Use cargo doc --no-deps to build the API documentation.

Usage

CLI

target/release/rufft -h
rufft X.Y.Z
RAFFT implemented in Rust. RNA structure and folding dynamics prediction using fast Fourier
transform (https://github.com/strevol-mpi-mis/rafft-rs).

USAGE:
    rufft [OPTIONS] <SEQUENCE>

ARGS:
    <SEQUENCE>    input RNA sequence

OPTIONS:
        --AU <AU>
            Weight of AU base pairs [default: 2.0]

        --GC <GC>
            Weight of GC base pairs [default: 3.0]

        --GU <GU>
            Weight of GU base pairs [default: 1.0]

    -b, --branch <NUMBER_OF_BRANCHES>
            Number of branches to explore in construction of the fast-folding graph [default: 1000]

    -B, --benchmark
            Format output suitable for internal benchmarks

    -c, --compat
            Use an output format compatible to the kinetics scripts of RAFFT. This includes
            duplicate structures.

    -e, --minimum-helix-energy <MIN_LOOP_ENERGY>
            Minimum energy [kcal/mol] candidate helix stacks have to contribute; lower (negative) is
            more stable [default: 0.0]

    -h, --help
            Print help information

    -l, --positional-lags <POSITIONAL_LAGS>
            Number of positional lags to search for possible stems [default: 100]

    -o, --output-edges <OUTFILE>
            Write edges (pairs of structure indices) to the specified file. The indices correspond
            to the order of the printed structures.

    -P, --params <PARAMETERS>
            RNA secondary structure energy parameters.

    -s, --saved-trajectories <SAVED_TRAJECTORIES>
            Amount of saved structures per step of the breadth-first search [default: 1]

    -T, --temperature <TEMPERATURE>
            Temperature in °C, passed to ViennaRNA [default: 37.0]

    -u, --min-unpaired <MIN_UNPAIRED>
            Minimum amount of unpaired positions enclosed by a hairpin loop [default: 3]

    -V, --version
            Print version information

U.V.W

Example

target/release/rufft GGGUUUGCGGUGUAAGUGCAGCCCGUCUUACACCGUGCGGCACAGGCACUAGUACUGAUGUCGUAUACAGGGCUUUUGACAU --saved-trajectories 5 --compat

Python Bindings

# It is currently required to have librafft.so in the same directory as your python code
# Alternatively, make sure that librafft.so is in your python path:
# import sys
# sys.path.append("./target/release/")
from librafft import FastFoldingGraph, set_temperature, set_energy_parameters

# with optional (named or ordered) parameters:
# number_of_lags = 100,
# number_of_branches = 1000,
# saved_trajectories = 1,
# au = 2.0,
# gc = 3.0,
# gu = 1.0,
# min_unpaired = 3,
# min_loop_energy = 0.0
ffgraph = FastFoldingGraph("GGGUUUGCGGUGUAAGUGCAGCCCGUCUUACACCGUGCGGCACAGGCACUAGUACUGAUGUCGUAUACAGGGCUUUUGACAU")
print(ffgraph.trajectories())

# Afterwards, obtain Metropolis transition rates:
from scipy.sparse import coo_matrix

# with optional parameter beta = 0.61
rates, i_s, j_s = ffgraph.transition_rates()
trmatrix = coo_matrix((rates, (i_s, j_s))).toarray() # or .tocsr()
# see also
#ffgraph.directed_edges()

Note that this implementation does not store duplicate structures in the fast-folding graph.
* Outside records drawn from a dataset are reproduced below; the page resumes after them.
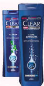
CLEAR SHAMPOO 250 ml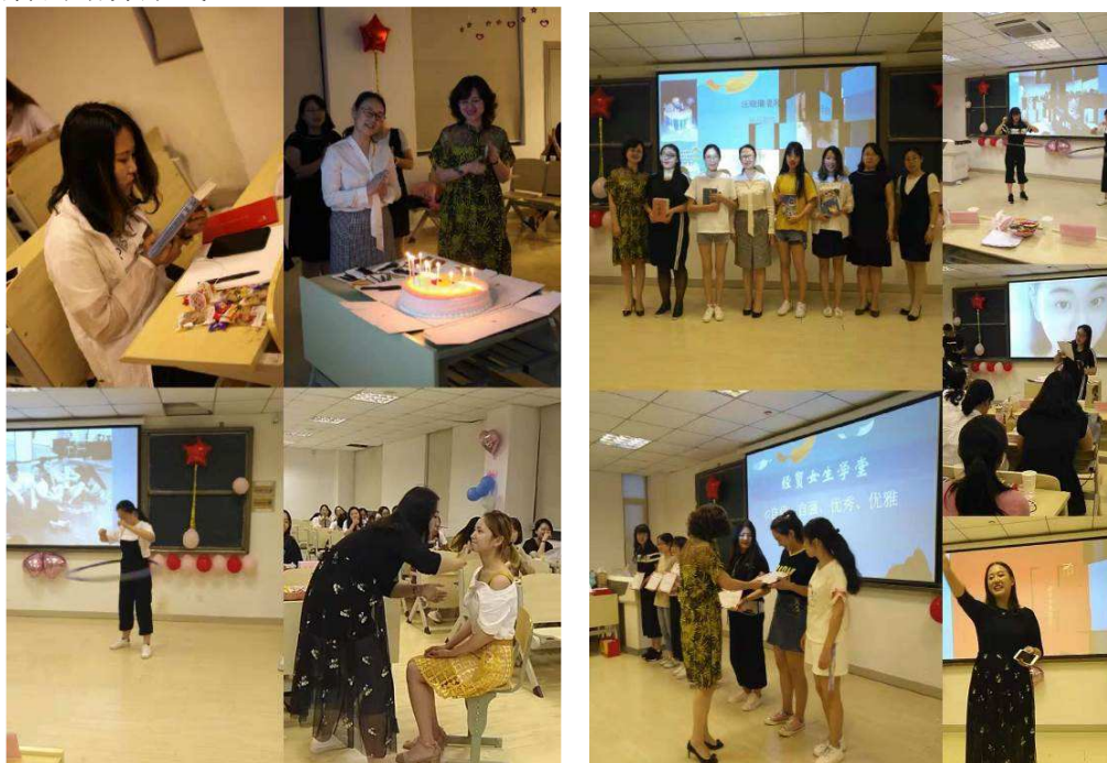
图 1-3 “经贸女子学堂”开展多形式的素质提升训练

修身养性的“经贸女生学堂”。为培养“自信、自强、优秀、优雅”的新时代女性，根植博雅，博采众长，涵盖文学、法律、体育、心理学、音乐、礼仪、金融、艺术设计、甜品制作等选修课程体系的“经贸女生学堂”，采取小班化培养模式，为培养女生健全人格、丰富人性等发挥了积极的作用，丰富了高职院校素质教育的培养形式。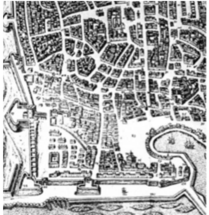
Particolare della pianta di Palermo di G. Braun e F. Hogenberg (1581)

I disegni progettuali pervenivano ai Deputati delle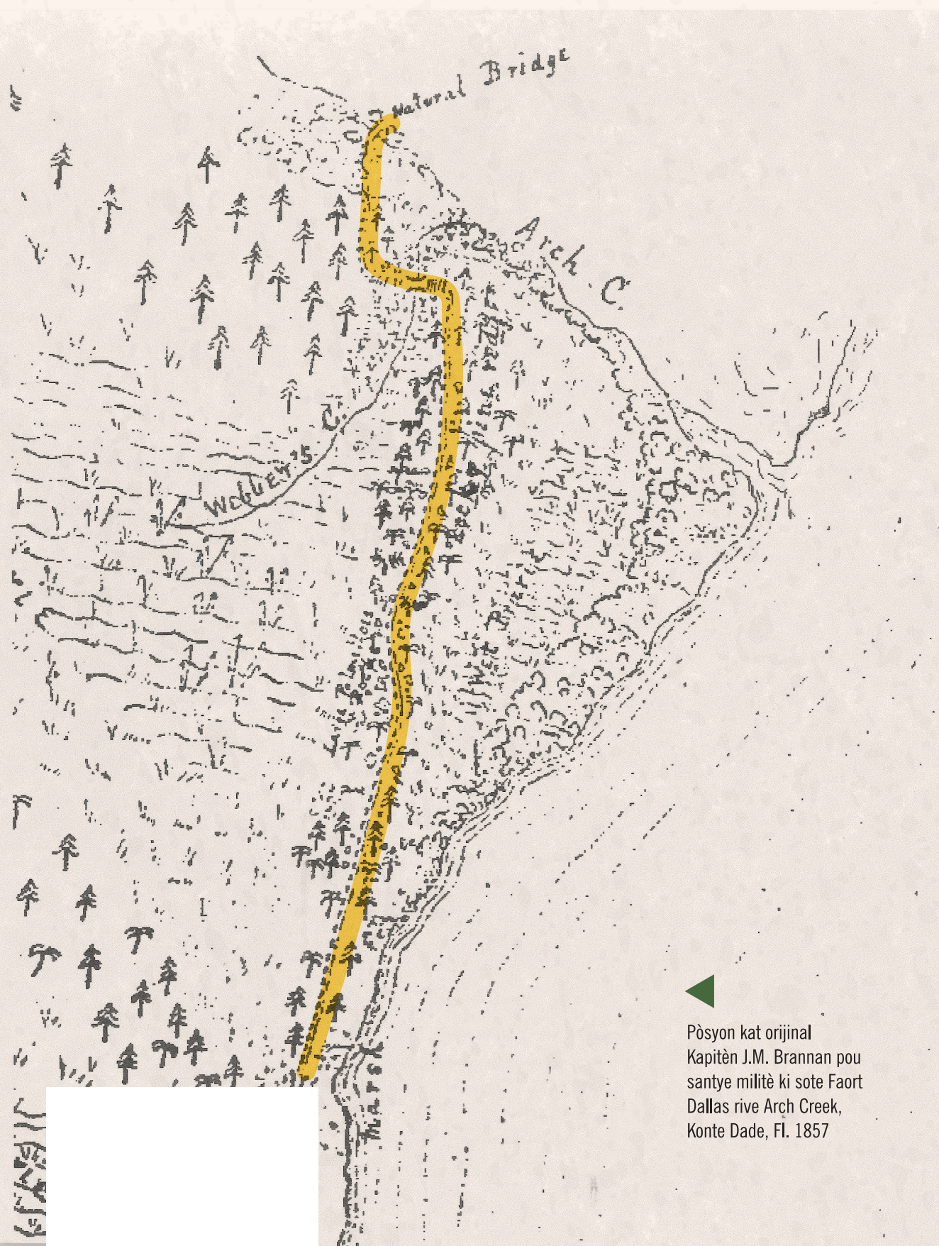
▲ Pòsyon kat orijinal Kapitèn J.M. Brannan pou santye militè ki sote Faort Dallas rive Arch Creek, Konte Dade, Fl. 1857

Santye a te konekte yon pòsyon wout an wòch ki mennen Fort Capron, senk mil nan nò Fort Pierce. An 1892, li te vin yon pati premye wout Konte a ki pase sou pon natirèl la ak Arch Creek . Yo te ba li lòt non Dixie Highway an 1915.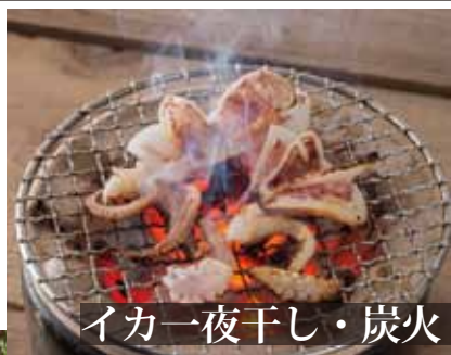
イカ一夜干し・炭火

表面をさっと湯に通し、 食感と旨味を引き上げる。 スリットを刻み入れ、細く 切った身が、舌の上で旨味 をより多く感じやすくさせ る細工。味わいに重きを置 いた剣先イカ専門店ならで はこのこだわりのハイブリッ ドなイカ刺しです。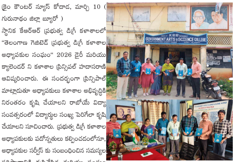
క్రైమ్ కౌంటర్ న్యూస్ కోదాడ, మార్చి 10 ( గురునాథం జిల్లా బ్యూరో )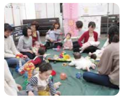
子育てサロン「ほっぺ大岡・ほっぺ中里」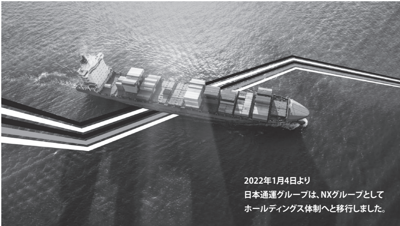
2022年1月4日より 日本通運グループは、NXグループとして ホールディングス体制へと移行しました。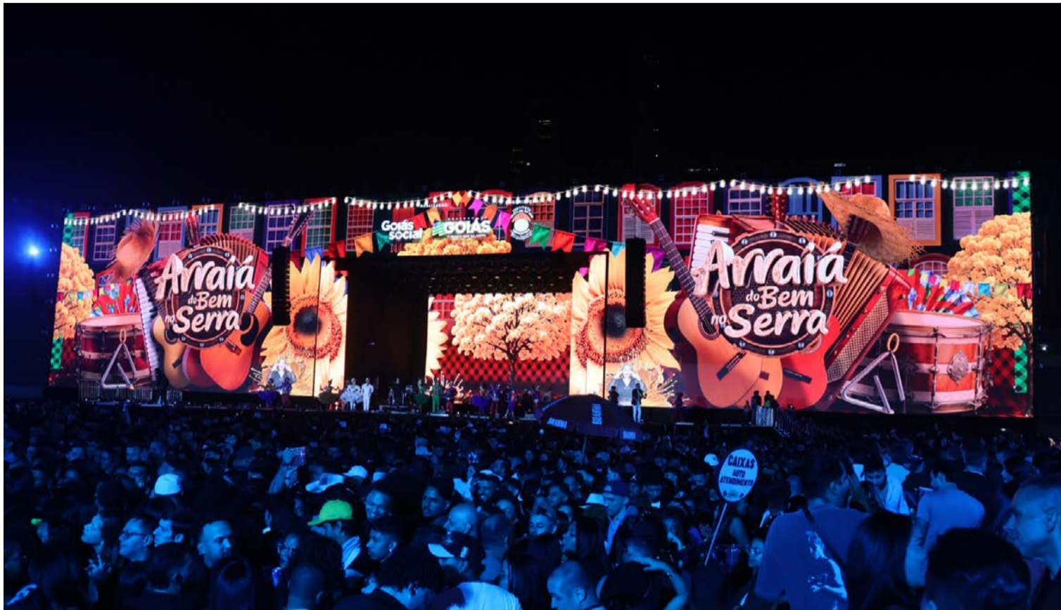
Arraiá do Bem reafirmou sua relevância no calendário cultural brasileiro e consolidou-se como um dos maiores festejos juninos do país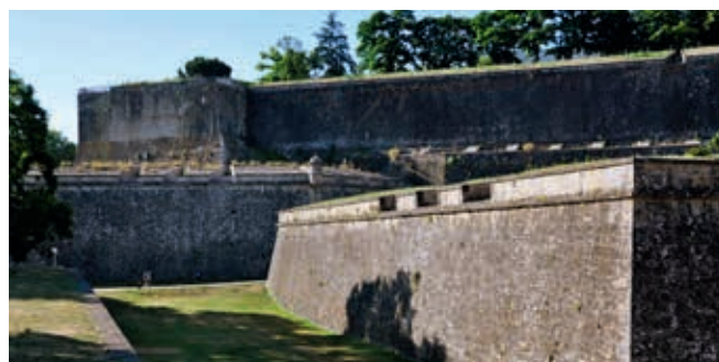
Ufortyfikowane mury miejskie (cytadela) przez Argę w Pampelunie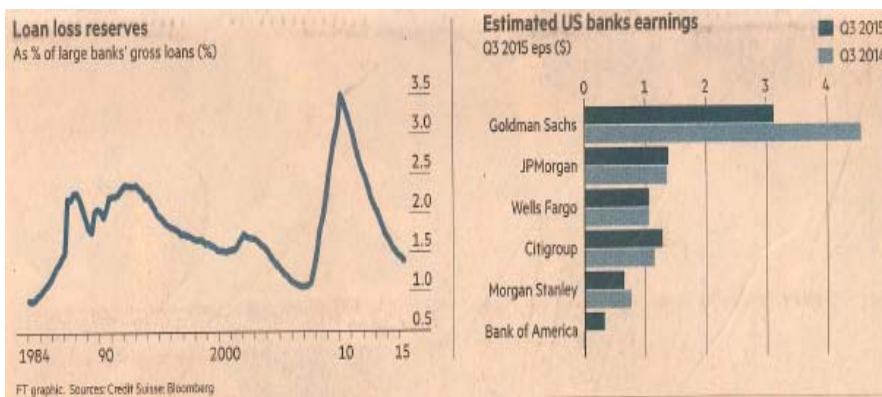
FT graphic.

This saves an intermediate processing step where duplicate structures need to be removed before any kinetic analysis is pursued.

This does not affect the (unique) structures being discovered. However, this might change in a future release as it would allow to discover a few more distinct structures at no asymptotical complexity increase.

A commandline flag --compat/-c is available to display redundant structures of the fast-folding graph. Use this flag to generate output that can be used with the existing scripts of RAFFT to produce kinetics.